▼
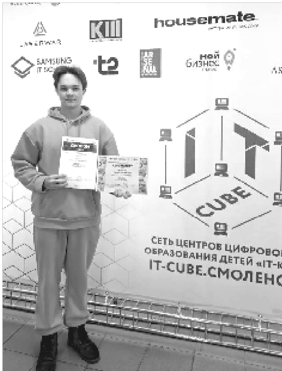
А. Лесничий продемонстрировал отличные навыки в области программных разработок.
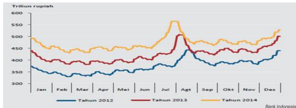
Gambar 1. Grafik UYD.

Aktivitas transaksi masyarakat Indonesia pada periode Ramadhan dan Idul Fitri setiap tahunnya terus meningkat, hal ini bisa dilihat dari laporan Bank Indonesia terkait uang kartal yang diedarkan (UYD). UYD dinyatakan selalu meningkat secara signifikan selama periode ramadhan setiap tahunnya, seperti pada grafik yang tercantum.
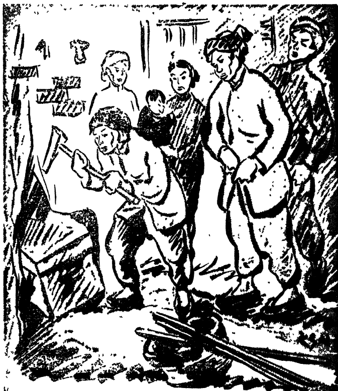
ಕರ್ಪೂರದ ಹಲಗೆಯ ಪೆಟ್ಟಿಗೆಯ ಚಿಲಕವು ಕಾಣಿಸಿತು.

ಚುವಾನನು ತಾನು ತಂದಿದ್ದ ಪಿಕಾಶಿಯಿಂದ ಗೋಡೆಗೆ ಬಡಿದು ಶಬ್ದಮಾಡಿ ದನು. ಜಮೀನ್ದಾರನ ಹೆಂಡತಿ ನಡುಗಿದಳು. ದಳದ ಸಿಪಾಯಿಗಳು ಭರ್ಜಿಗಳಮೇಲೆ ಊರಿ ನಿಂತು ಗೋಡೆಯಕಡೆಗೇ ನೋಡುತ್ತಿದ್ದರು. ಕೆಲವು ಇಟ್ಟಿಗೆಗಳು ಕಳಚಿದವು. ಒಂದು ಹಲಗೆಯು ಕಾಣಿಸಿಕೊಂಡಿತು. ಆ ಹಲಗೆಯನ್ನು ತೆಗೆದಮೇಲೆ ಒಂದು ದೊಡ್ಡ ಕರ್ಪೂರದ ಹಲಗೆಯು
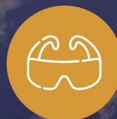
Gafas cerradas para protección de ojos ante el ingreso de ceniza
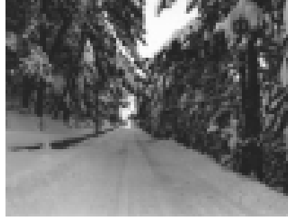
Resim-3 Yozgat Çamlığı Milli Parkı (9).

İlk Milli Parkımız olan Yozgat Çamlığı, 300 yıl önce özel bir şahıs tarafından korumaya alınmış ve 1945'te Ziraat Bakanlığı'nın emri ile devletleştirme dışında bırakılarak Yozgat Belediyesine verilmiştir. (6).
▲
▼
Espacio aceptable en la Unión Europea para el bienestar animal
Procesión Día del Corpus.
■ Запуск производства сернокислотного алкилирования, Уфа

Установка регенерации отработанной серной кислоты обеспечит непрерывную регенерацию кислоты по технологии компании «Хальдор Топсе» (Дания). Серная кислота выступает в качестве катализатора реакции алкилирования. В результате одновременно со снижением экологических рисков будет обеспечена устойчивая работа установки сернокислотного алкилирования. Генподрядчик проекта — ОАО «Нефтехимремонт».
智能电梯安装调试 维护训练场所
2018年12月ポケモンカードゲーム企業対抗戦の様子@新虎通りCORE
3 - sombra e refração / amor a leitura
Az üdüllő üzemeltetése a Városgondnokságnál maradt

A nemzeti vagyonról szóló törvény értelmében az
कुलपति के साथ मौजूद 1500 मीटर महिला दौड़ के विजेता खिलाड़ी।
▲
■ Exercise objective
Every line above from the line with "Procesión Día del Corpus." to the line with "智能电梯安装调试 维护训练场所", both included, must be reproduced exactly, and no other line may appear.

■ Written response
Procesión Día del Corpus.
■ Запуск производства сернокислотного алкилирования, Уфа

Установка регенерации отработанной серной кислоты обеспечит непрерывную регенерацию кислоты по технологии компании «Хальдор Топсе» (Дания). Серная кислота выступает в качестве катализатора реакции алкилирования. В результате одновременно со снижением экологических рисков будет обеспечена устойчивая работа установки сернокислотного алкилирования. Генподрядчик проекта — ОАО «Нефтехимремонт».
智能电梯安装调试 维护训练场所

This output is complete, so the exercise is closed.